We'll calculate the derivative to the left side, with respect to x.

x^3 + sin x = cos y + y - y^2

(d/dx)(x^3 + sin x) = 3x^2 + cos x

We'll calculate the derivative to the right side, with respect to y.

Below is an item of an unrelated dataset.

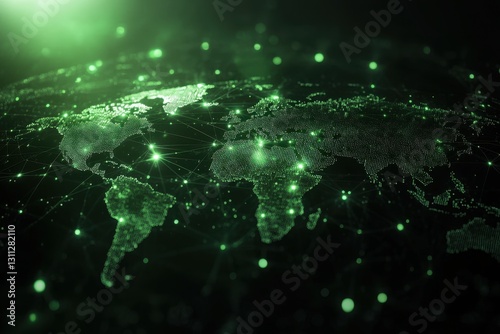 Green glowing world map, connected by lines. Illustrates global network, data flow, and connectivity.

(d/dy)(cos y + y - y^2) = -sin y + 1 - 2y

The derivative of the given expression is:

3x^2 + cos x = 1 - 2y - sin y

3) (ctg y)^3 + 2x – 3y = 8

We'll keep the terms in y to the left side and we'll move the terms in x to the right side:

(ctg y)^3 – 3y = 8 - 2x

We'll calculate the partial derivative, with respect to y, to the left side:

(d/dy)((ctg y)^3 – 3y) = -3(ctg y)^2/(sin y)^2 - 3

We'll calculate the partial derivative, with respect to x, to the right side:

(d/dx)(8 - 2x) = 0 - 2

(d/dx)(8 - 2x) = -2

The derivative of the given expression is:

-3(ctg y)^2/(sin y)^2 - 3 = -2

(ctg y)^2/(sin y)^2 = -1/3

4) xy = (1 –x –y)^2

We'll square raise the right side:

(1 –x –y)^2 = 1 + x^2 + y^2 - 2x - 2y + 2xy

The expression will become:

xy = 1 + x^2 + y^2 - 2x - 2y + 2xy

1 + x^2 + y^2 - 2x - 2y + xy = 0

If we'll calculate the derivative with respect to x, we'll get:

2x +  y^2 - 2 - 2y + y = 0

(d/dx)(1 + x^2 + y^2 - 2x - 2y + xy)' =  2x +  y^2 - y - 2

Note: the terms in y are considered constants.

If we'll calculate the derivative with respect to y, we'll get:

(d/dy)(1 + x^2 + y^2 - 2x - 2y + xy)' = x^2 + 2y - 2x - 2 + x

(d/dy)(1 + x^2 + y^2 - 2x - 2y + xy)' = x^2 + 2y - x - 2

Note: the terms in x are considered constants.